Al 31 dicembre 2017 sono state censite 12.848 istituzioni pubbliche, presso le quali prestano servizio 3.516.461 unità di personale, di cui 3.321.605 dipendenti (pari al 94,5% del totale). Il restante 5,5% del personale in servizio – circa 195mila unità – è rappresentato da personale non dipendente, Le politiche di contenimento della spesa pubblica e di limitazione del turnover dei dipendenti hanno determinato modifiche al livello e alla composizione dell’occupazione. Tra il 2011 e il 2017 non si registrano variazioni nel numero complessivo di dipendenti (-0,1%), ma si conferma un incremento del numero di contratti a tempo determinato (+7,3%), a fronte del calo di quasi un punto percentuale dei dipendenti a tempo indeterminato (-0,8%). Nel periodo tra il 2011-2015 si era registrato invece un calo dell’1,1% dei dipendenti pubblici, sintesi di una flessione del personale a tempo indeterminato (-1,7%, -45mila unità) e di un aumento di quello a tempo determinato (+5,1%, +10mila unità circa).
In termini di occupazione, il settore della Pa registra un calo dell’11,3% (92mila dipendenti in meno) e un aumento dell’8,5% del personale non dipendente (oltre 3mila occupati in più). Nel settore dell’Istruzione si registra un aumento di occupazione dipendente pari al 5,4% (+ 64mila) e del 67,9% per quella non dipendente (quasi 31mila unità in più), quest’ultima concentrata nel comparto universitario. Negli ultimi due anni (2015-2017) si colgono i segnali di una ripresa dell’occupazione dipendente, aumentata complessivamente dell’1,1% (+0,9% per il tempo indeterminato e +2,2% per quello a termine).
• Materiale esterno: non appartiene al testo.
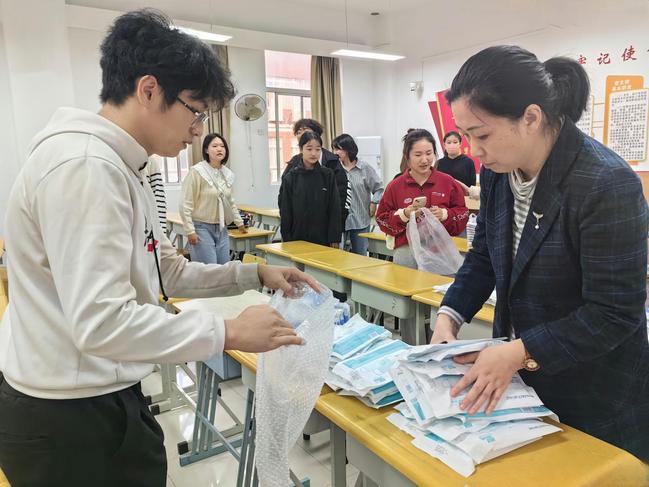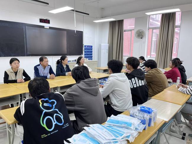 活动伊始,刘新学经理和吴月华书记与员工开展面对面交流,亲切询问同学们的学习和生活状况,了解同学们平时遇到的困难,并提出解决途径和方法。刘新学经理指出,大家要做好认知管理,做好自我优势的剖析,提前做好职业规划,在校时认真学习专业知识和提高技能素养,不断提升自我竞争力,为未来发展打下基础。吴月华书记强调了今年正值公司四十周年校庆和本科评估的关键时刻,大家要抓住学风建设不放松,班委要起好带头作用,带领班级同学共同进步。同时,老师嘱咐同学们,疫情还没有完全消退,依然要绷紧一根弦不放松,扎实做好疫情防护工作,要坚持每天在规定的时间内进行疫情体温填报,百分之百完成全员或者抽样核酸检测任务,及时发现问题、解决问题,并寻求帮助。各班在认真督促同学们做好疫情防控各项工作的同时,也要时刻关注同学们的身心健康,积极为同学们做好心理疏导工作,帮助同学们解决生活难题。活动最后,老师们一起为同学们分发口罩、酒精棉片等防疫物资,将这份爱心和温暖传递到每一个班、每一位同学的心中。
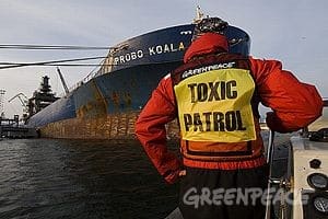 Das Greenpeace-Schiff «Arctic Sunrise» hat heute in Padilski/Estland das Schiff «Probo Koala» blockiert. Dessen Besatzung hatte vor über einem Monat in Abidjan/Elfenbeinküste Giftmüll abgeladen. Dadurch starben sieben Menschen, 44’000 weitere suchten medizinische Versorgung. Es ist unglaublich, dass das Schiff nach diesem Giftmüllskandal ungehindert weiterfahren konnte.

L’analisi per attività economica prevalente delle unità locali evidenzia, in un contesto di riduzione complessiva di oltre 3.500 di esse (-3,2%), dinamiche differenti tra i diversi settori: per le attività proprie del settore economico della Pa e della Sanità si rilevano flessioni più intense (rispettivamente -6,4% e -4,2%).
Per quanto riguarda la digitalizzazione, nel 2017 la quasi totalità delle istituzioni pubbliche ha utilizzato il web per la gestione dei dati e l’erogazione dei propri servizi (87,9%), tecnologia il cui utilizzo è ormai consolidato in tutte le realtà organizzative, con lievi ritardi tra i Comuni (87,4%), le Comunità montane e le unioni dei comuni (85,8%), gli Enti pubblici non economici (89,5%). Più contenuto, ma comunque significativo, è l’utilizzo dei servizi di cloud computing (30,5%), mentre sembrano ancora poco sfruttate, rispetto alle possibilità di impiego, le applicazioni mobile (19,4%), soprattutto considerando che il 41,9% delle istituzioni utilizza i social media nelle interazioni con gli utenti.
Sembrano poco diffuse infine le tecnologie più avanzate: nel 2017 il 5,9% delle istituzioni pubbliche ha analizzato big data e il 4,6% ha impiegato la tecnologia Internet of Thing – Iot. Sono le Università pubbliche a presentare un livello di digitalizzazione più ampio e completo rispetto alle diverse tecnologie: tutte o quasi tutte utilizzano il web o i social media (rispettivamente il 100% e il 97,2%), l’84,5% si serve di servizi di cloud computing e il 73,2% di applicazioni mobile. Un quarto delle università pubbliche impiega inoltre la tecnologia Iot, anche se in termini di analisi dei big data (35,2%) è superata dagli organi centrali dello Stato (39,4%).